Она визжала и брыкалась, Кира глядела на неё задумчиво. Помолчав сказала, обращаясь к подскочившей по едва приметному знаку фрейлине:

— На паром все, быстро.

Та поклонилась, метнулась в сторону, засуетились вокруг костра белые тени.

— Пойдём, — коротко пригласила Кира жениха.

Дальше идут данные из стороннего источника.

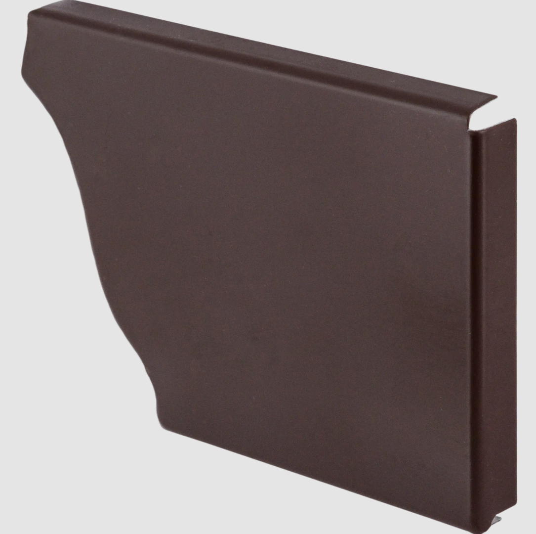 Заглушка правая фиксируется на торцах желоба и предотвращает протечку дождевой или талой воды. Прочный материал заглушки обеспечивает жесткость и надежность конструкции. Коричневый оттенок элемента подбирается под цвет желобов и других частей водостока.

Направились к берегу. Туман сгустился, на расстоянии трёх шагов ничего видно не было, Гарика, когда отошёл от огня, стал бить озноб — продрог до животиков после купания. Увидел во мгле у берега какую-то тёмную массу, услышал — вода поплёскивает, поскрипывает дерево. Паром. «Вот почему он в канун купальской ночи не работает! — запоздало прозрел Гарик. — На нём верхние прохлаждаются! Век на свете живи, а всё равно когда-нибудь да узнаешь чего-нибудь новенькое». Под шагами прогнулись длинные сходни; ступив на палубу, Гарик передохнул. Ещё немного и дурак тот, в трактире оставленный, догнать не сможет и останется с преогромнейшим носом, будь он хоть сам Неназываемый.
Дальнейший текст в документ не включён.